Let's say the first scenario occurs, the ladies have accepted the new suitor and are ready to spend the rest of their lives with him. What happens? A very unpleasant thing happens: the new dominant male begins killing the cubs of the previous leader, who are still nursing. The females scream, scratch, and bite, but, as a rule, they are powerless to prevent this bloody massacre. Biologically, the male is doing the right thing. While the female is nursing, she is incapable of conception. And nursing lasts a full year and a half. In a situation where they can come and steal your harem at any moment, that's a very long time.
Geladas, by the way, have a luxurious breastfeeding system. The females' nipples are positioned very close to each other, so if she has only one baby, it drinks from both breasts.
On the other hand, again from a natural perspective, killing a baby on which the mother has already expended considerable resources is extremely wasteful. A female carries a baby for six months! It's a real mess, no matter where you look. Therefore, female geladas, like many women, are able to fake it. In this case, ovulation. But it's not enough for them to go to the male and say, "Darling, don't kill my baby, I want your children." This trick won't work with geladas, as their fertility is visible to the naked eye. Females, like males, have a patch of bare skin on their chests. Normally, it's light pink. When the monkey is ready to mate, the patch turns bright red, resembling a necklace of bubbles. Any male gelada knows: if his female puts on red beads, it's the long-awaited signal: "Hurray! It's time!" Well, female geladas can "put on beads" even when they're not ovulating! The upshot? The male mates with such a female and often keeps her baby alive. And he's not the least bit bothered by the fact that the long-awaited pregnancy hasn't occurred.
These aren't some fancy jewelry! Everything is homemade, all natural!
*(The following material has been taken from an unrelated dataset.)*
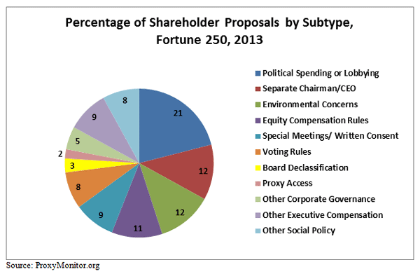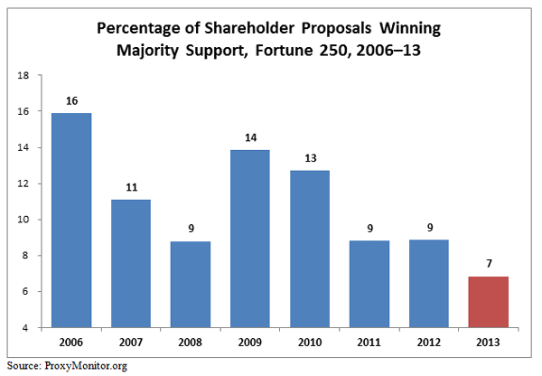 In 2013, 39 percent of shareholder proposals on proxy ballots involved “corporate governance” questions, most frequently involving separating the company’s chairman and chief executive officer positions; allowing shareholders to act outside annual meetings through special meetings or by written consent; and modifying the company’s voting rules. Several of these proposals related to traditional corporate governance issues were likely to win significant shareholder support, including those seeking to elect the full board of directors annually (seven of eight such board-declassification proposals received majority support) and those seeking to eliminate all supermajority-voting requirements in the company’s bylaws (six of seven such “simple majority voting” proposals received majority support). Two (of seven) proposals seeking to require directors to obtain a majority vote for election received majority backing, as did two (of seven) seeking to allow shareholders to nominate their own directors on corporate proxy ballots (“proxy access”); two (of seven) seeking to allow shareholders to call special meetings; two (of 38) seeking to separate the company’s chairman and CEO positions; and one (of 20) seeking to permit shareholders to take action by written consent.

Speaking of cunning, in the case of geladas, both males and females are good. Sometimes a male just can't seem to get a harem, even though he really wants one. Then he attacks any mother's most vulnerable spot—her child.
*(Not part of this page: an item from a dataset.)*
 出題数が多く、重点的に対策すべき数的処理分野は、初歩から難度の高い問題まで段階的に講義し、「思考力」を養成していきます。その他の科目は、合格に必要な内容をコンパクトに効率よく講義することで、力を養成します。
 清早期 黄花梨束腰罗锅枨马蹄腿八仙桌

If I had a dad like that, I wouldn't want to spend much time with him either.
An adult monkey begins to befriend a baby: spending time with it, playing, teaching it, and becoming an older friend. The baby, usually deprived of the attention of its immediate father, often becomes attached to the companion, and the mother, following her child, moves from her harem to this male. Thus, through love and care, the intelligent male wins what others try to take by force. Scientists call this phenomenon "friendly child abduction." And although it doesn't happen often, this tactic also works.
You said your friend has kids too. Would you like to introduce her?
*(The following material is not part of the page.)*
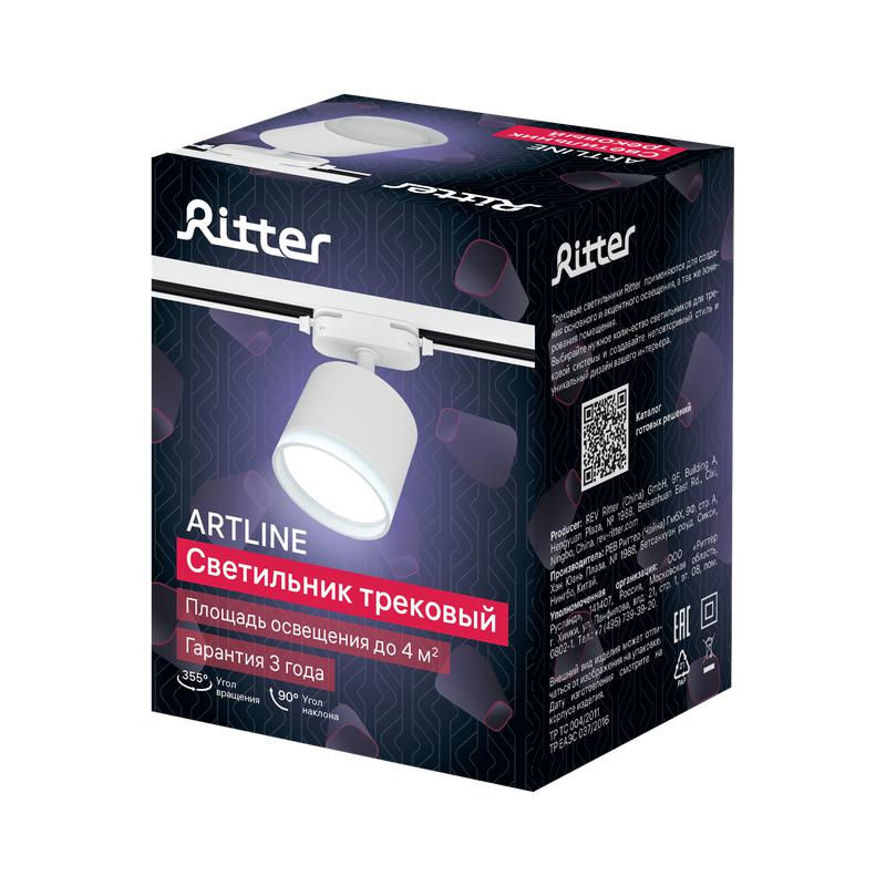 - Светильник трековый ARTLINE поворотный 85х85х70мм GX53 230В алюм./пластик. 4кв.м бел. Ritter 59861 3

So, ladies and gentlemen, herbivory doesn't always mean harmlessness. Yes, geladas, by the way, are the most herbivorous primate species—their diet consists almost entirely of seeds and grasses! They only need fangs, manes, and other attributes of power in the animal kingdom for violent conflicts among themselves. Internecine warfare and constant tension have turned geladas into some of the most fearsome primates on the planet!